Мы шли грустные, обошли piazza Indipendenza и подошли к дверям моего дома. Ключ плохо слушался его руки, и он вынул его, не открыв дверь, и сказал: пройдемтесь еще. Нам не хотелось расставаться так, нам было слишком грустно, и мы пошли, и мы говорили о своей дружбы <так!>. Он сказал: «У Греков был обычай при закладке здания прекрасного зарывать под фундамент что-нибудь драгоценное, иногда даже человеческую жертву. Заложим и мы под фундамент нашей дружбы нечто драгоценное <так!>. Я чувствую к Вам больше дружбы, я определю это слово нежностью, т. к. это не любовь!» Я сказала, что тоже могу дать больше дружбы, и мы снова грустно улыбнулись, взглянув в глаза друг друга. Месяц светил так тускло, листья с деревьев на площади мялись беспомощно под ногами на сырых камнях. Во всем воздухе, казалось, была разлита меланхолия, тихая, немножко нежная, но какая-то беспомощная и безнадежная.

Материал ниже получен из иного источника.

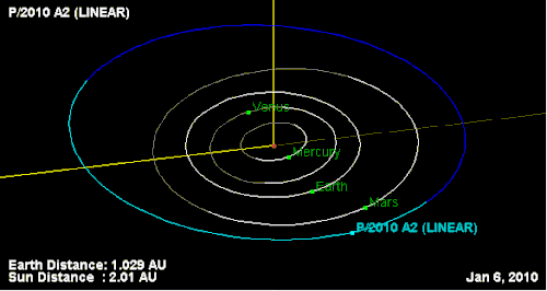 - 1 2 3 4 Harrington, J. D.; Villard, Ray (2 February 2010). "Suspected Asteroid Collision Leaves Trailing Debris". NASA Release : 10-029. Retrieved 3 February 2010.
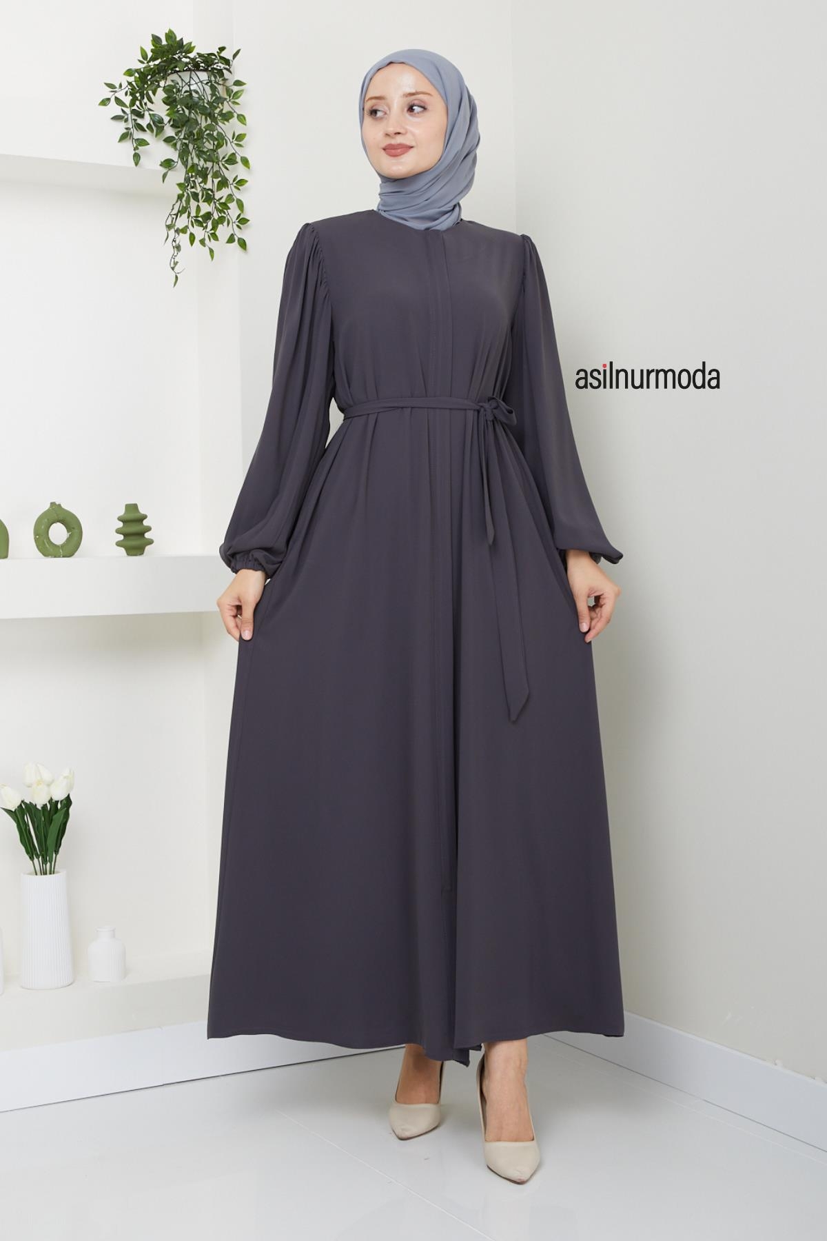 Hale Omuz Pileli Balon Kol Ferace, Rabia Krep kumaşıyla dört mevsim kullanıma uygun, şık ve rahat bir tercihtir. Omuzdaki pile detayları ve balon kol tasarımıyla zarif bir görünüm sunarken, lastikli manşetler ve fermuar detayıyla günlük kullanımda konfor sağlar.
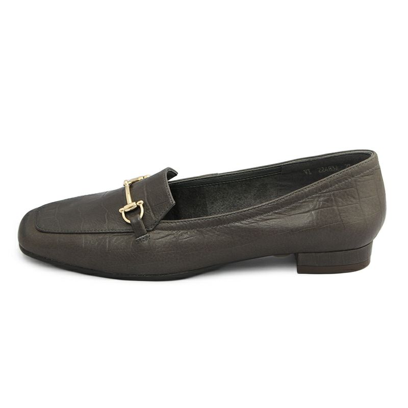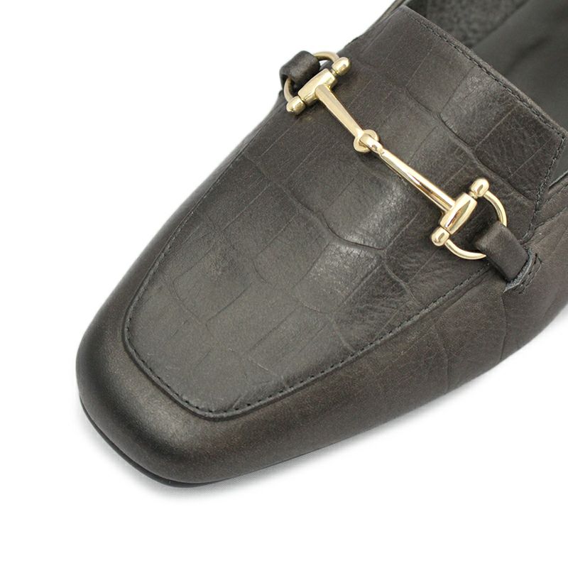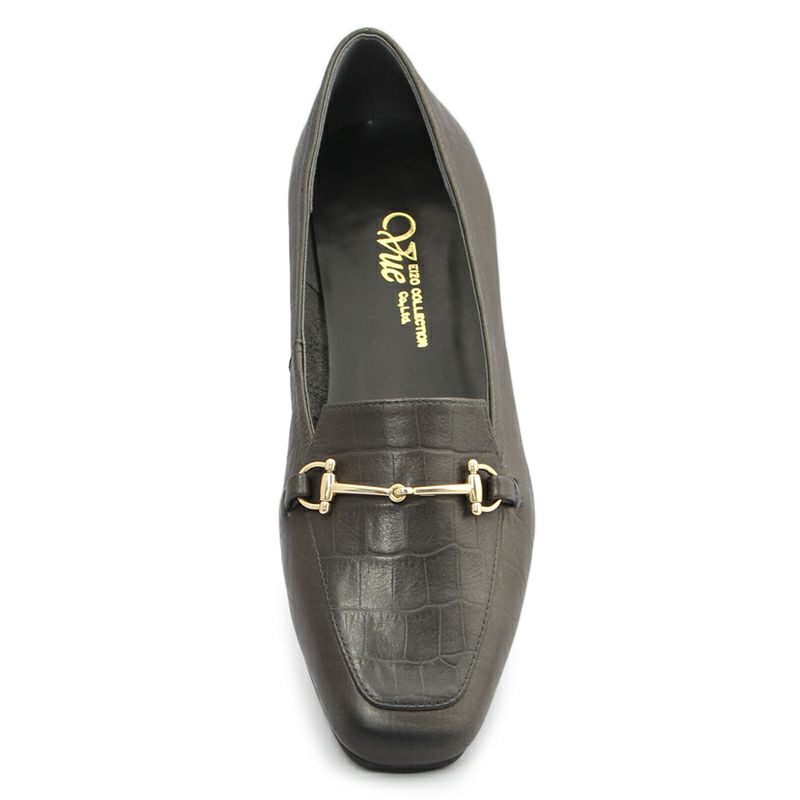 Vue エイゾー ビュー 22483A DGY-K ダークグレー ビットローファー 1.5cmヒール ステアヌバック-クロコ型押し
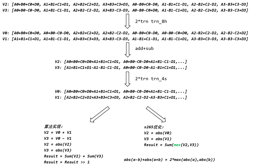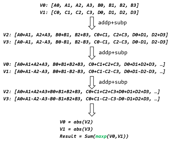 x265的当前实现问题在于引入较多TRN指令影响算子性能,观察可以发现,对于列hadamard的计算十分简单,因为所有参与计算的值都是在向量中对齐排列的,可以直接应用“垂直加减法“(即ADD和SUB指令)。
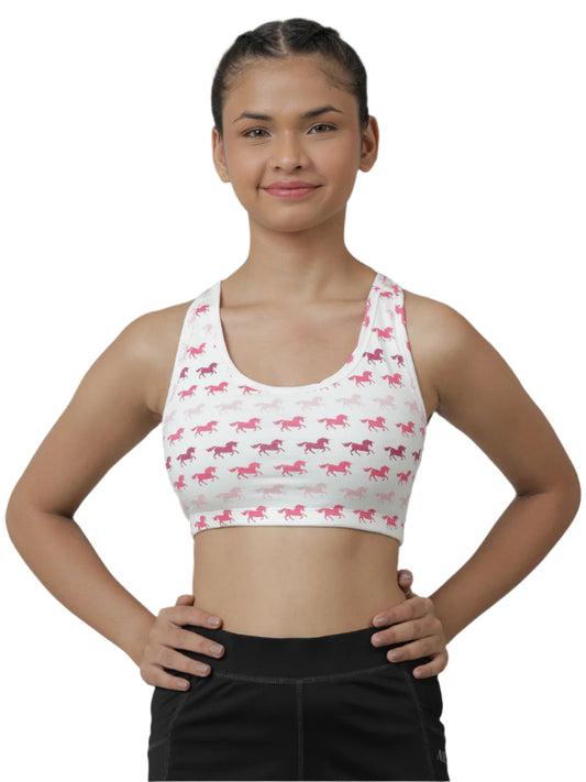 Sports Bra -Solid Colour & Horse All over Print combo of 3
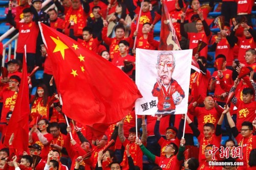 上周,國足在主場戰(zhàn)勝韓國隊(duì),現(xiàn)場觀眾擎起中國隊(duì)主教練里皮的漫畫像。 中新社記者 富田 攝

Такая же меланхолия наполняла и нас. Мы вновь подошли к моей двери. Ключ вновь заупрямился, но мы не торопились, мы ничего не говорили, но оба знали, что обоим как-то невольно хотелось продлить еще одно и еще одно мгновение этой меланхолической ночной прогулки. Я пришла к себе и села. Я села на пол у своей кровати. Сердце во мне щемило, но не так, как бывало, со страстью и с болью почти невыносимой. Это тоже было тихое, меланхолическое страдание. Я не знаю, сколько времени я сидела так, и думала, и думала. Я думала о том, как грустно быть «художественной» натурой, как грустно встретиться с другой «художественной» натурой и засветиться для него костром, который не мешает ему видеть луну. <…>

Для Лидии новые чувства неразрывно связаны с размышлениями о жизни, красоте, борьбе духа с пошлым и низменным, которым переполнена окружающая действительность. Есть ли выход из этого противоречия?

«Зачем эта нелогичность в создании мира. Безобразие, жестокость, мелочность, плоскость вокруг, и ясное сознание и страстная жажда высокого, цельного, полного, прекрасного в душе? В этом самый мрачный трагизм жизни. Борьба духа и тела. Неестественная, изнурительная борьба. Дух видит всю уродливость, грязь, слабость, жалкую беспомощность тела, и страдает, и рвется, но куда ему уйти, когда он таинственно и неразрывно связан с этим телом, когда это тело – жизнь его и вместе с тем и смерть его. И в этом всё зло».

Вячеславу Иванову нравится новая знакомая, но он не хочет признаться в своем чувстве даже самому себе, таит его и предлагает Лидии дружбу. Он женат, у него дочь. И он пытается погасить разгорающееся пламя под благоразумными увещеваниями.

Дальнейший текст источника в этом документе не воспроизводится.